Verbatim output of the lines below is required, with the images omitted.

Information shown:
*** Begin section ***

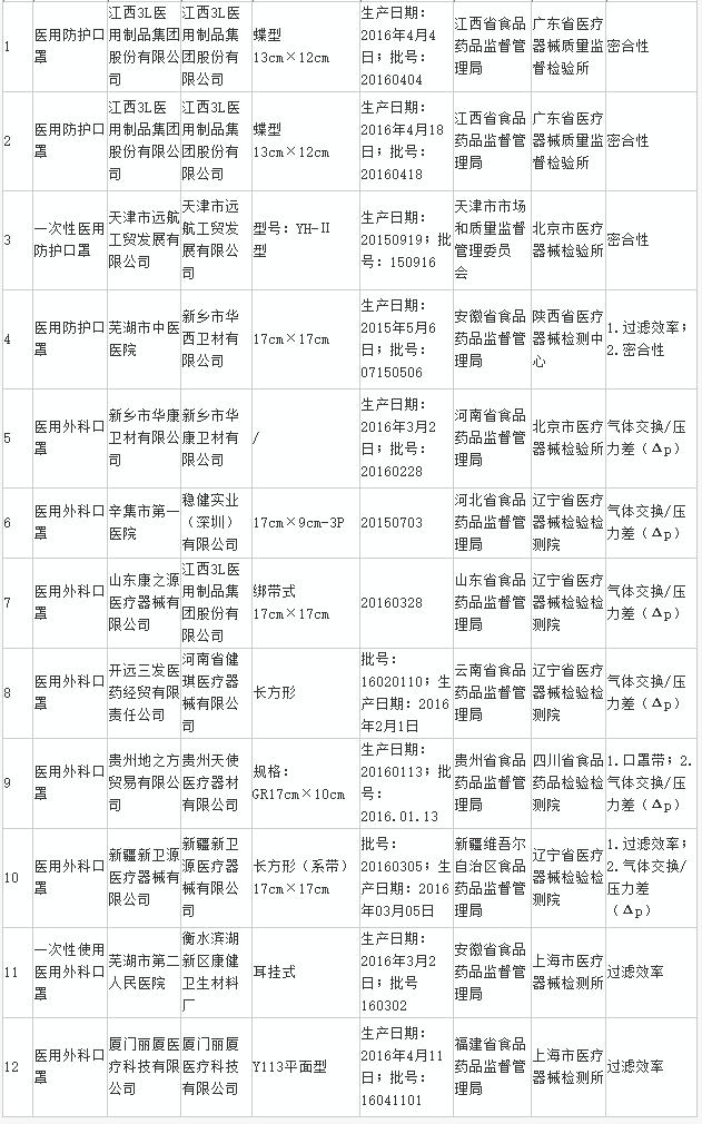 (一)醫(yī)用防護口罩3家企業(yè)4批產品。江西3L醫(yī)用制品集團股份有限公司生產的2批醫(yī)用防護口罩、天津市遠航工貿發(fā)展有限公司生產的1批一次性醫(yī)用防護口罩,密合性不符合標準規(guī)定;新鄉(xiāng)市華西衛(wèi)材有限公司生產的1批醫(yī)用防護口罩,過濾效率、密合性不符合標準規(guī)定。
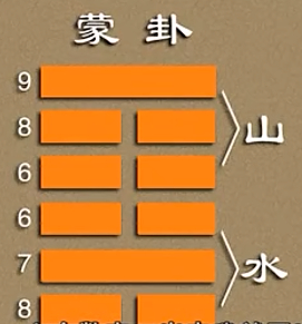 蒙卦下坎上艮,是山下有水,亦即山下流出泉水,清澈又可汇聚成河,是成长之象。此时必须把握良机,接受适当教育。
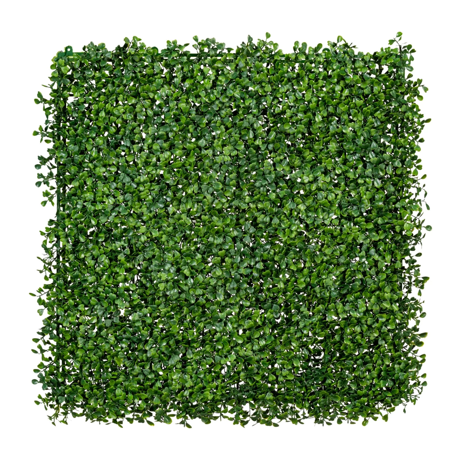 Ein trendiger Blickfang! Sei kreativ und verwirkliche Deine individuellen Dekorations-Ideen mit dieser Matte aus einem feingearbeiteten Mix aus Buchsbaumzweigen. Außerdem länger UV-beständig präsentiert sich diese Buchsbaummatte. UV-Strahlen können bei starker Sonneneinstrahlung zu Verfärbungen bei Kunstpflanzen führen. UV-beständige Kunstpflanzen sind mit einem zusätzlichen UV-Schutz versehen, so dass die künstliche Pflanze besser für sonnige Standorte geeignet ist. Jede Matte verfügt über Ösen und Haken, somit können mehrere Matten verbunden werden. Detailgetrau aus Kunststoff gefertigt, langlebig und vielseitig einsetzbar sind in der Anwendung so gut wie keine Grenzen gesetzt: sei es als Bodendecker in Pflanzen-Arrangements oder mehrzählig als komplett begrünte Wand in Deinem Zuhause – Du und Deine Besucher werden begeistert sein. Die Matte hat die Größe ca. 50x50x7 cm. Die Matte besteht aus Kunststoff.
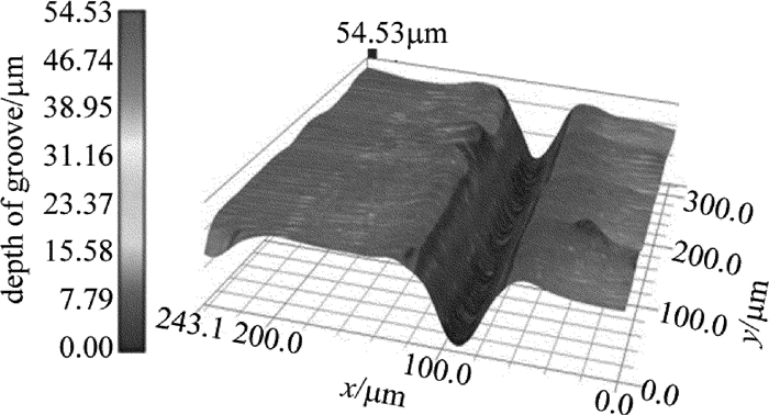 為了得到合適掃描深度,探究了循環掃描次數對掃描深度的影響規律,在上述實驗的基礎上選擇合適的工藝參量:平均功率60W、重復頻率0.4MHz、掃描速率10m/s,選取循環掃描次數分別為3, 5, 10, 20, 50, 100進行實驗,通過超景深3維顯微鏡來測量其掃描深度和寬度。圖 9為掃描次數為20時切縫微觀形貌的分層設色圖。圖中顏色由灰色向黑色過渡表示掃描深度的增加,黑色表示掃描深度較大,由圖可以看出,此時掃描寬度為50μm左右,深度約為40μm

*** End section ***

Expected answer:
 (一)醫(yī)用防護口罩3家企業(yè)4批產品。江西3L醫(yī)用制品集團股份有限公司生產的2批醫(yī)用防護口罩、天津市遠航工貿發(fā)展有限公司生產的1批一次性醫(yī)用防護口罩,密合性不符合標準規(guī)定;新鄉(xiāng)市華西衛(wèi)材有限公司生產的1批醫(yī)用防護口罩,過濾效率、密合性不符合標準規(guī)定。
 蒙卦下坎上艮,是山下有水,亦即山下流出泉水,清澈又可汇聚成河,是成长之象。此时必须把握良机,接受适当教育。
 Ein trendiger Blickfang! Sei kreativ und verwirkliche Deine individuellen Dekorations-Ideen mit dieser Matte aus einem feingearbeiteten Mix aus Buchsbaumzweigen. Außerdem länger UV-beständig präsentiert sich diese Buchsbaummatte. UV-Strahlen können bei starker Sonneneinstrahlung zu Verfärbungen bei Kunstpflanzen führen. UV-beständige Kunstpflanzen sind mit einem zusätzlichen UV-Schutz versehen, so dass die künstliche Pflanze besser für sonnige Standorte geeignet ist. Jede Matte verfügt über Ösen und Haken, somit können mehrere Matten verbunden werden. Detailgetrau aus Kunststoff gefertigt, langlebig und vielseitig einsetzbar sind in der Anwendung so gut wie keine Grenzen gesetzt: sei es als Bodendecker in Pflanzen-Arrangements oder mehrzählig als komplett begrünte Wand in Deinem Zuhause – Du und Deine Besucher werden begeistert sein. Die Matte hat die Größe ca. 50x50x7 cm. Die Matte besteht aus Kunststoff.
 為了得到合適掃描深度,探究了循環掃描次數對掃描深度的影響規律,在上述實驗的基礎上選擇合適的工藝參量:平均功率60W、重復頻率0.4MHz、掃描速率10m/s,選取循環掃描次數分別為3, 5, 10, 20, 50, 100進行實驗,通過超景深3維顯微鏡來測量其掃描深度和寬度。圖 9為掃描次數為20時切縫微觀形貌的分層設色圖。圖中顏色由灰色向黑色過渡表示掃描深度的增加,黑色表示掃描深度較大,由圖可以看出,此時掃描寬度為50μm左右,深度約為40μm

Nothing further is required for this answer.